Cuando llegaron, su madre seguía cocinando, y su padre se puso manos a la obra también. Ella pensaba en las veces que sus padres le habían ayudado con los deberes, así que al ver que tenían tanta tarea decidió ayudar también, ya que así terminarían antes y podrían jugar. Esto de la Navidad le parecía muy cansado.

Al día siguiente sus padres estaban de mal humor. Porque venía no sé qué tío que les caía mal. Eso ya si que no tenía ni pies ni cabeza, porque si te entra hambre no lo puedes evitar, pero invitar a gente que no te cae bien a tu casa, era más que evitable. Ella nunca invitaba a los que le caían mal, sólo a sus amigos. “A lo mejor es que la Navidad tiene un efecto en los mayores que los deja tontos y no piensan las cosas” pensó intentando buscar una explicación a todo ese sinsentido.

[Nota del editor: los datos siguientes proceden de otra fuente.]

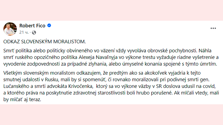Смерть политика или политзаключённого в тюрьме всегда вызывает большие сомнения. Внезапная смерть российского оппозиционного политика Алексея Навального* во время заключения требует должного расследования и ответственности за любые ошибки или умышленные действия, приведшие к этой смертью. Хочу сообщить всем словацким моралистам, что, прежде чем комментировать это печальное событие в России, они должны вспомнить, отреагировали ли они так же на странную смерть генерала Лучанского и смерть адвоката Кривоценко, который буквально задохнулся от ковида во время задержания в Словакии и чьи права по оказанию медицинской помощи были грубо нарушены. Если они молчали тогда, они должны молчать сейчас,
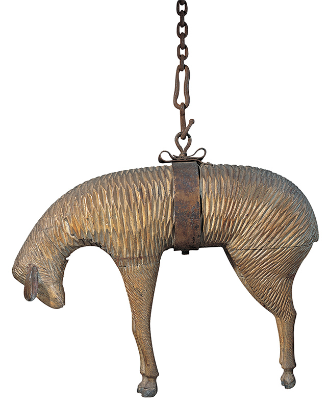 The art and objects in Multitudes are arranged thematically and by type. There’s an excellent group of trade signs and figures—including a mid-nineteenthcentury hanging sheep sign that must have looked even more striking with its original covering of gold leaf. There are also wonderful arrays of whimsy bottles— tiny glass vessels holding hand-carved figures and such, in the manner of ships in a bottle—and of wooden decoys and quilts. Some marvelous examples of schoolgirl crafts are also on view, notably a trinket box decorated with watercolor portraits under glass made around 1825 in Portsmouth, New Hampshire.
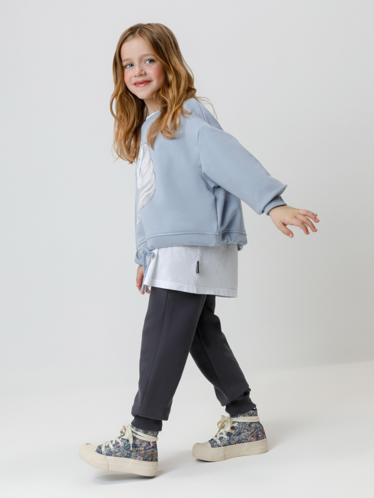 Брюки для девочки из мягкого петельчатого футера. В составе 80% натурального хлопка и 20% полиэстера, при этом полиэстер ввязан внутрь по особой технологии и не соприкасается с кожей. Модель с эластичным поясом на резинке регулируется по ширине с помощью шнурка. Низ на манжетах. Два кармана по бокам. Все трикотажные полотна производятся в соответствии с нормами швейцарского сертификата ЭкоТекс.
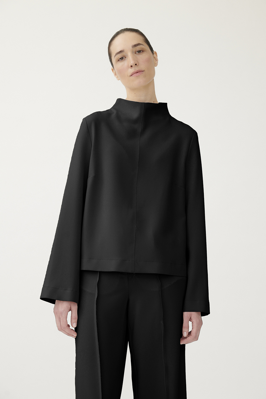 Minimalistisches Top aus japanischem Triacetat mit offenkantiger Verarbeitung.
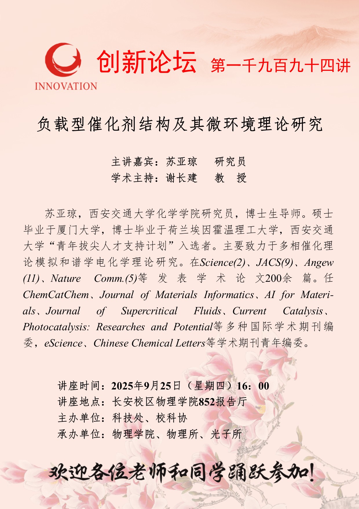 bat365正版唯一官网创新论坛第一千九百九十四讲:负载型催化剂结构及其微环境理论研究
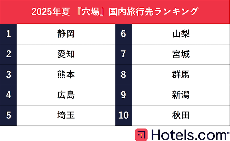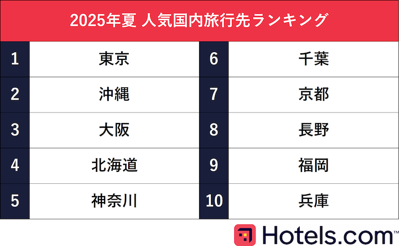 Hotels.com は、検索データから見た2025年夏の「人気国内旅行先ランキング」、「『穴場』国内旅行先ランキング」、「国内旅行のホテル選びの人気フィルター」、そして「お盆期間中のホテルの混雑予想日」を発表します。
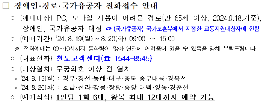 * 장애인, 경로, 국가유공자 전화접수 안내
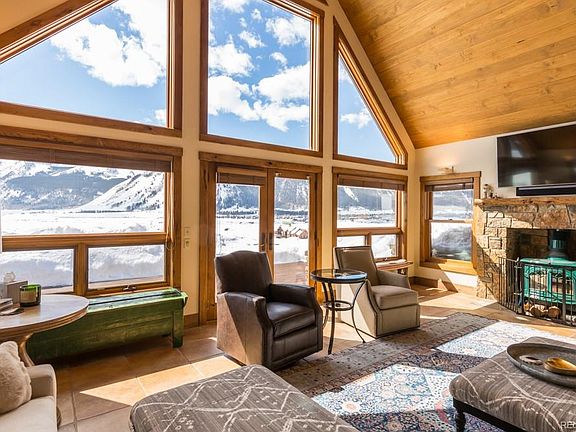 The Moon Ridge area is a premium 9 residence subdivision with a very private and peaceful location between down own Crested Butte and the Mount Crested Butte ski resort. The area possesses the most expansive, unobstructed views of the surrounding mountains and valley, while being so close to town that you can walk and/or bike to downtown along a paved path. This particular 2.55 acre home-site overlooks a peaceful pond with lots of wildlife, natural grass meadows and wildflowers. The vaulted ceiling and wall of windows in the Great Room allows in the natural light and invites you to take in the natural scenery that surrounds the property. The kitchen has custom chestnut cabinetry, newer appliances, dining island and a large dining area with large pictures windows. The second-floor offers two guest bedrooms with private bathrooms and a large open loft. Above the garage, is a private bedroom suite with a fully equipped kitchen, bath and separate entrance.
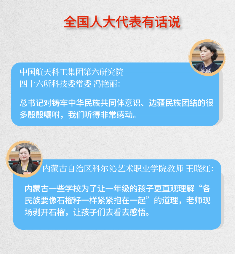 “休戚與共、榮辱與共、生死與共、命運與共”——習近平總書記深刻闡釋中華民族共同體理念,讓現場代表們印象深刻,倍受激勵。與會代表表示,總書記的殷殷囑托要“牢記在心,落實于行”。
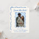 Vågigt Hand plockade Blue Gräns Spara datumfoto Inbjudningar
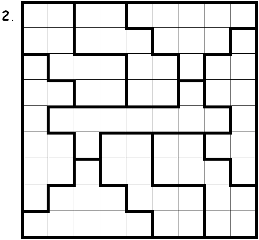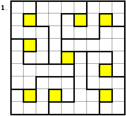 Place the digits from 1 to 9 in both empty grids (1 and 2) in every row, column, boldly outlined irregular area (and in the yellow cells).
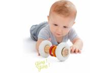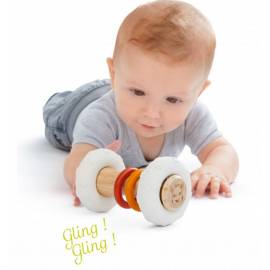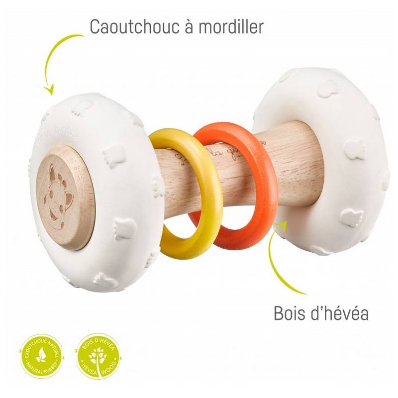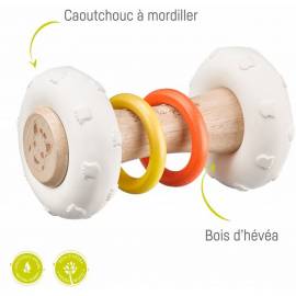 Un hochet qui mélange le caoutchouc 100% naturel et le bois d’hévéa pour éveiller les sens de bébé :
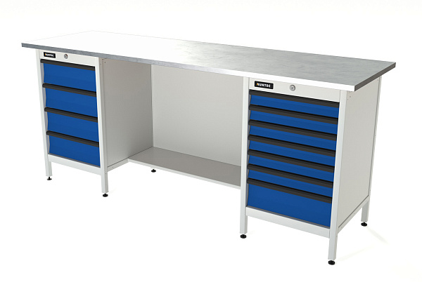 Верстак серии Standart, 2000 мм, оцинк, тумба с 4-мя ящиками + тумба с 7-ю ящиками, синий (светло-серый) RAL 5005 (7035), RUNTEC, RTS20Z-TS4-TS7-5005(7035)
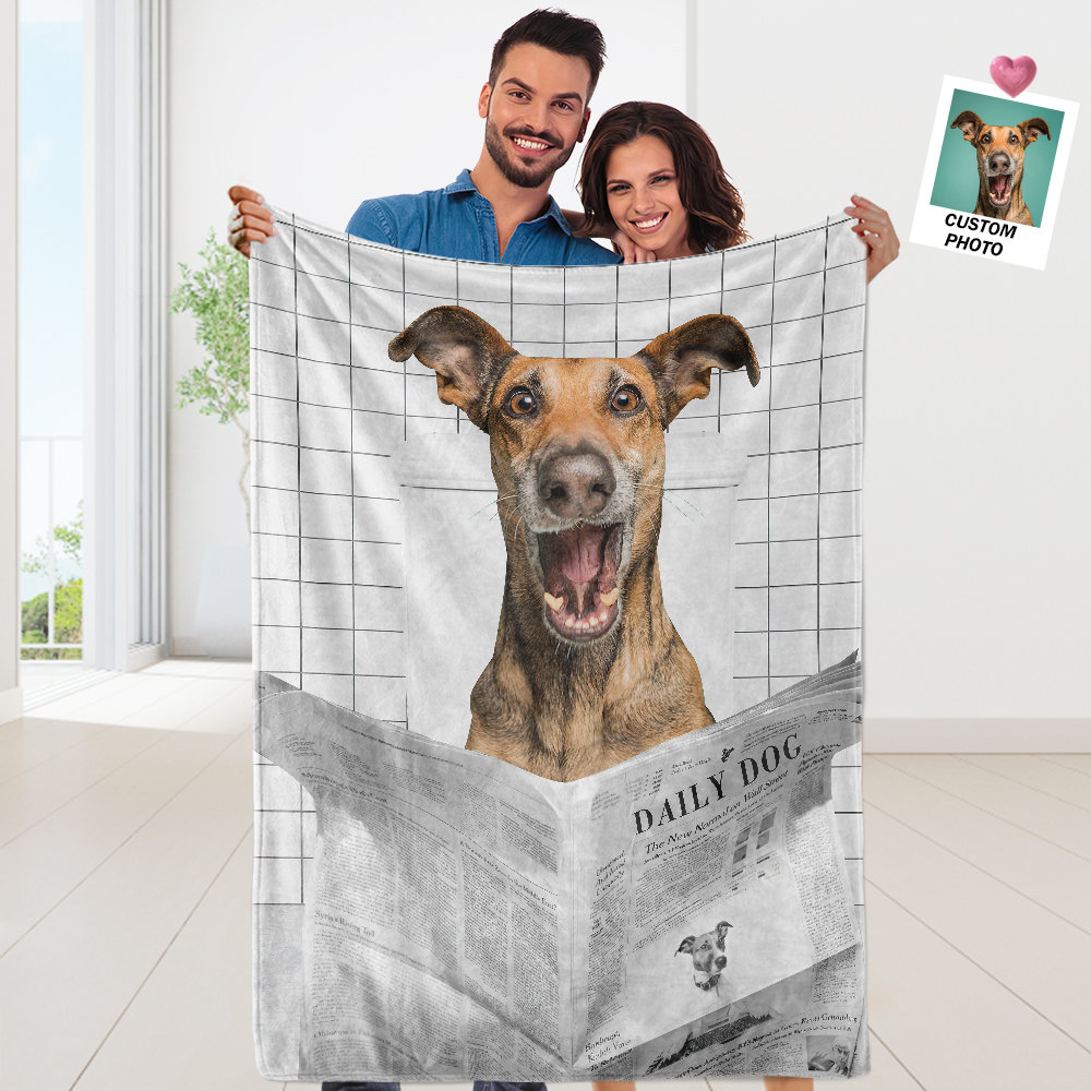 Custom Funny Pet Portrait Blanket Dog Read Newspaper in Toilet Blanket

Por supuesto ese día nada de salir, porque estuvieron todo el día limpiando, cocinando, y vistiéndose como en los días de fiesta. Aunque Nerea no veía motivo de celebración ninguno en tener que trabajar tanto y encima tener a gente que no son tus amigos en casa. Pero lo que terminó por desconcertarla es que cuando vinieron todos, incluidos ese tío, sus padres estuvieron la mar de sonrientes. Era como si no se acordaran de todo lo que habían tenido que trabajar y comprar.

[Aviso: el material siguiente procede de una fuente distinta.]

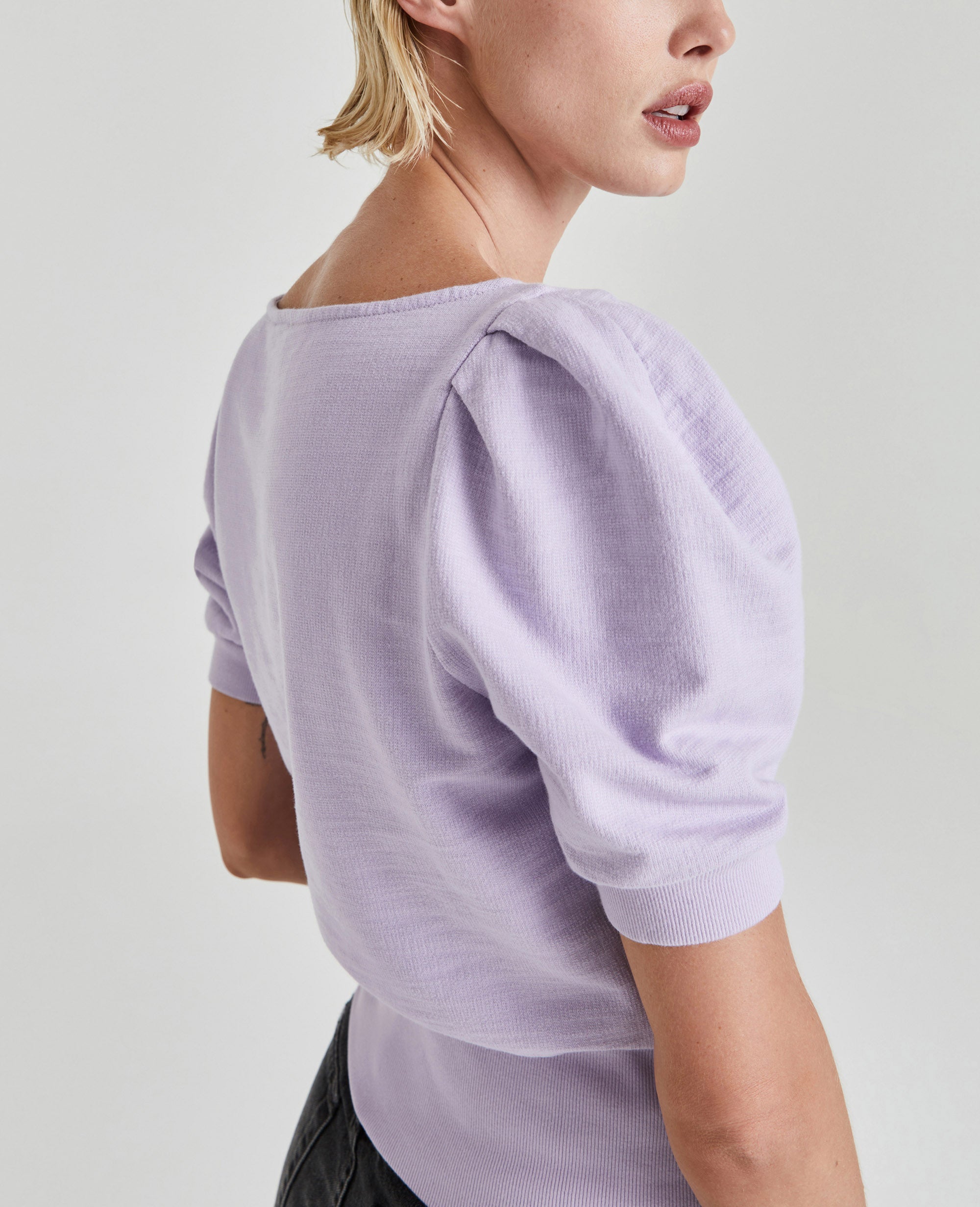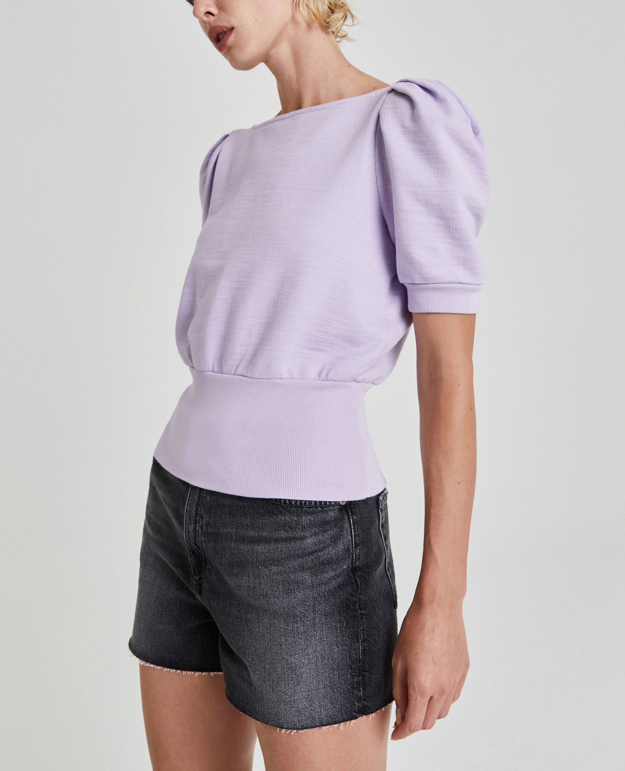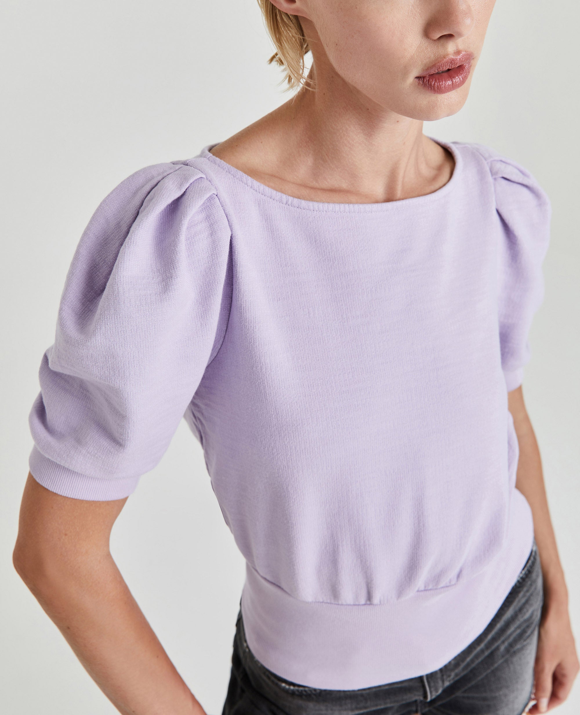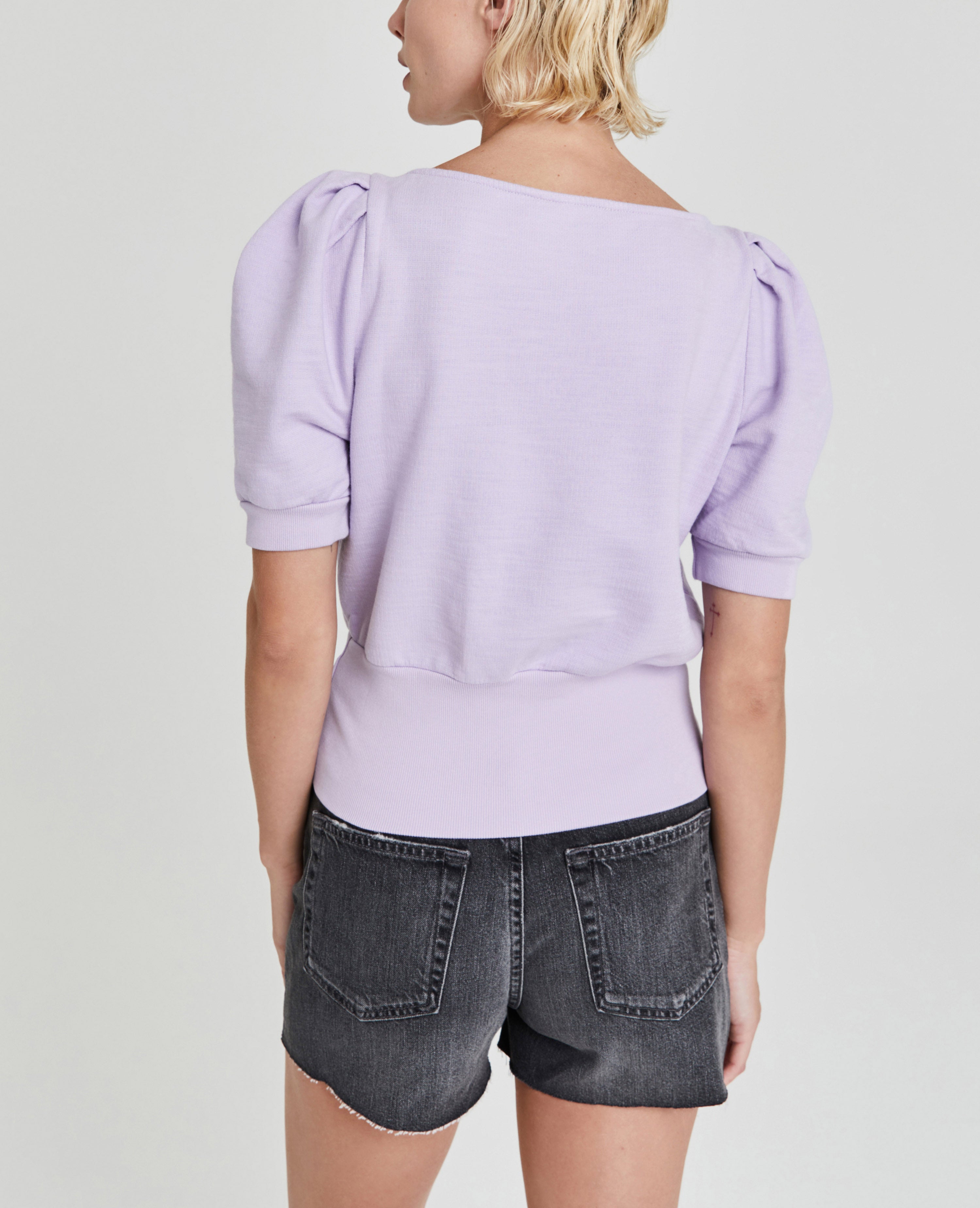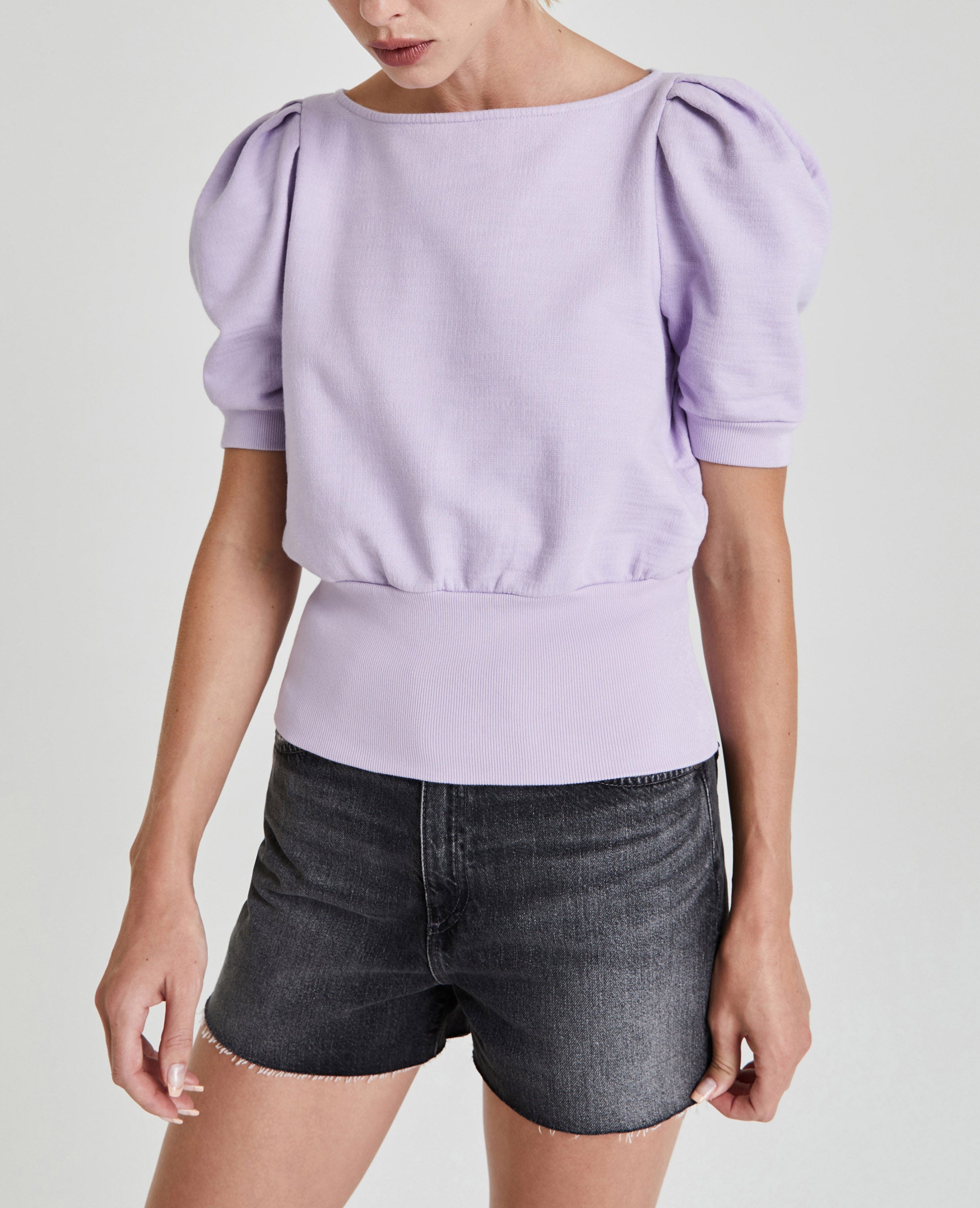 The Walker Short Sleeve for women in pastel lilac features a relaxed silhouette with a feminine boat neck, puff sleeves, and a wide waistband in elastic ribbing. This women’s tee is designed in exclusive AG-made French terry—and features an ultra-chic, unbelievably soft, and color-rich finish.

Ante todo ese escenario, Nerea no podía estar más alucinada así que decidió hacer un buen reporte en el ejercicio que le mandó la profesora.

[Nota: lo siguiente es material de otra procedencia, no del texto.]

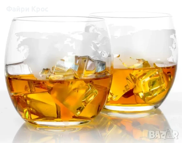 Комплекта съдържа още и 4 стъклени чаши в същия стил, дървена поставка, диспенсър, стъклена тапа и дървена кутия с 9 броя камъни за охлаждане.
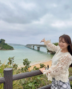 คุณฮาซึกิโพสต์ภาพที่ถ่ายตอนไปเที่ยวสะพานโคอุริในจังหวะดโอกินาว่า พร้อมเขียนแคปชั่นว่า "เกาะโคอุริ ทะเลสวย แค่ข้ามสะพานก็ตื่นเต้นแล้ว"
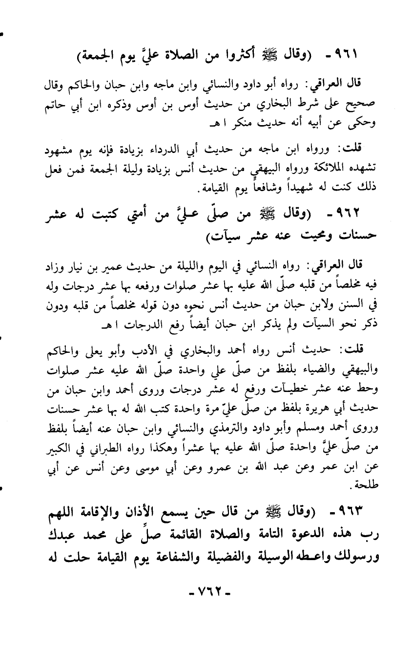 962 - (وقال - صلّى الله عليه وسلم - من صلّى علي من أمتي كتبت لى عشر حسنات ومحيت عنه عشر سيآت)

La Navidad es una enfermedad que hace que los mayores tengan mucha hambre, por lo que tienen que cocinar todo el día y se gastan mucho dinero. Así que no te deja ni un rato de tiempo libre para jugar, ya que todo se reduce en comprar, cocinar y limpiar. Y lo peor de todo, la enfermedad afecta al cerebro haciéndote creer que tienes que hacer cosas aunque no quieras, como es invitar a alguien que no te gusta a tu casa. Me gustan más los días normales, con comida normal que no hace que mis padres tengan manchas oscuras debajo de los ojos y les deja un montón de tiempo para jugar conmigo, aunque en esos días no tenga regalos. Porque si no tengo tiempo para disfrutarlos, ¿para qué los quiero? Además mi padre me dijo que tiene que subir una cuesta en Enero sin ser alpinista ni nada por culpa de gastarse tanto dinero. Realmente no merece la pena. Ojalá encuentren cura para la Navidad antes de que sea demasiado tarde.